(Data records)

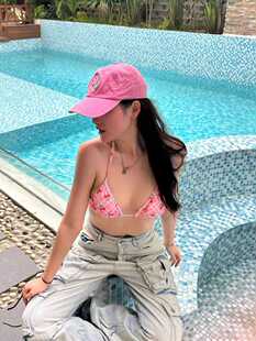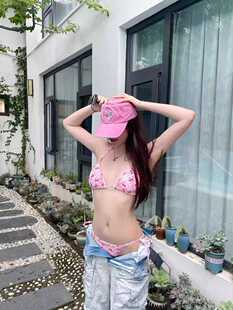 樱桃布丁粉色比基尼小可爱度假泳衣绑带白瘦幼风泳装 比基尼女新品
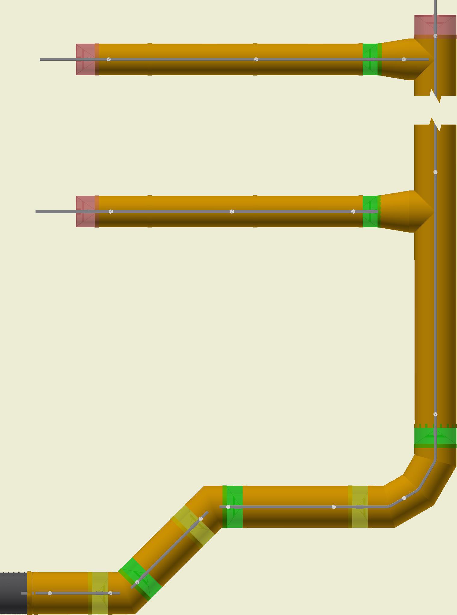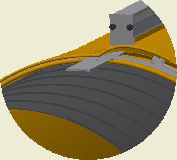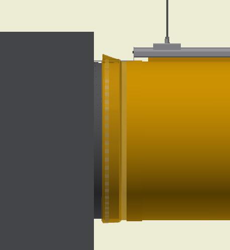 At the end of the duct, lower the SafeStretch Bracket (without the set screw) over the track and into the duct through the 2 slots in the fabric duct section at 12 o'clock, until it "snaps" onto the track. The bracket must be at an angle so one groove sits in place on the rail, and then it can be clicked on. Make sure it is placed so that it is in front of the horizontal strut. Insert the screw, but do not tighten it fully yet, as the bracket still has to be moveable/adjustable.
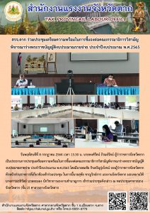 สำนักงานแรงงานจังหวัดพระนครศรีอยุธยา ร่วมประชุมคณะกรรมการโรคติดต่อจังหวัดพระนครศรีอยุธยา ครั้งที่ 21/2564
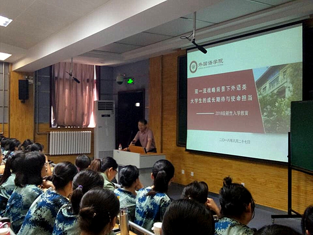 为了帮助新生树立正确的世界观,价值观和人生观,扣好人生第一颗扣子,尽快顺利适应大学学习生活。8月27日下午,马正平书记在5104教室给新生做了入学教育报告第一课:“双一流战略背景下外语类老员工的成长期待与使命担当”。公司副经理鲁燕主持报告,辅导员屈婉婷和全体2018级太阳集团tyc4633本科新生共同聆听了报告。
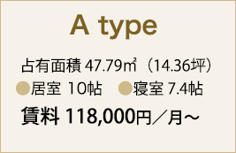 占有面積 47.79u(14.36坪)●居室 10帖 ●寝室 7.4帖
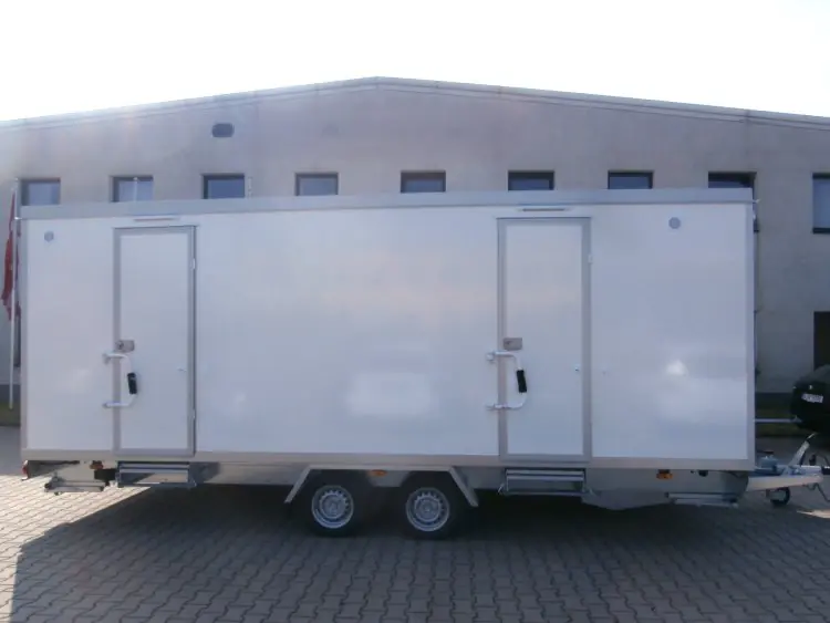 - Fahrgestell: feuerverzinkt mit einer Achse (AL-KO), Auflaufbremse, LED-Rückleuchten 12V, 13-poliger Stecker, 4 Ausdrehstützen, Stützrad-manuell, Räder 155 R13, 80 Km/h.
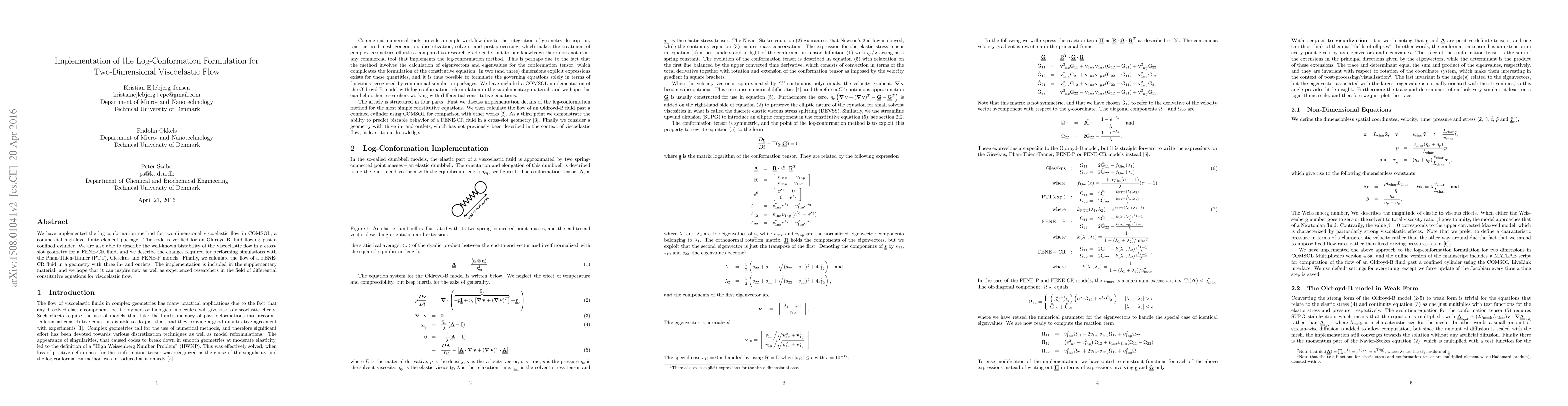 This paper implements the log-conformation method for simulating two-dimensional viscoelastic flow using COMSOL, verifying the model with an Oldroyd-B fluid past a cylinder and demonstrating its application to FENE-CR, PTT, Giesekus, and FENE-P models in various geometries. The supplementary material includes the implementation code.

(End Data records)
(Data records)

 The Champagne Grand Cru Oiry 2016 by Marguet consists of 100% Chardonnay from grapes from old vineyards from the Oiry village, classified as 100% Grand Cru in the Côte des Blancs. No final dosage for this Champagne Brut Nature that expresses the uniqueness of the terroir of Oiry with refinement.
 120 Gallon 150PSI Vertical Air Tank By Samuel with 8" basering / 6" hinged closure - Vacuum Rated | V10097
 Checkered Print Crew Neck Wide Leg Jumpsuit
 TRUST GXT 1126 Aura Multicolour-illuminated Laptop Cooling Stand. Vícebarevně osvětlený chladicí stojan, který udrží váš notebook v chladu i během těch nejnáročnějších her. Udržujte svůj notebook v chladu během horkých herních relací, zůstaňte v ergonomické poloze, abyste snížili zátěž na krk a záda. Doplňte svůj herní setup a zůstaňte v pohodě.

(End Data records)

Your assignment:
Using the entries above, reproduce word for word only the lines from the one that contains "樱桃布丁粉色比基尼小可爱度假泳衣绑带白瘦幼风泳装 比基尼女新品" to the one that contains "At the end of", both ends included, and drop every picture.

Response to this task:
 樱桃布丁粉色比基尼小可爱度假泳衣绑带白瘦幼风泳装 比基尼女新品
 At the end of the duct, lower the SafeStretch Bracket (without the set screw) over the track and into the duct through the 2 slots in the fabric duct section at 12 o'clock, until it "snaps" onto the track. The bracket must be at an angle so one groove sits in place on the rail, and then it can be clicked on. Make sure it is placed so that it is in front of the horizontal strut. Insert the screw, but do not tighten it fully yet, as the bracket still has to be moveable/adjustable.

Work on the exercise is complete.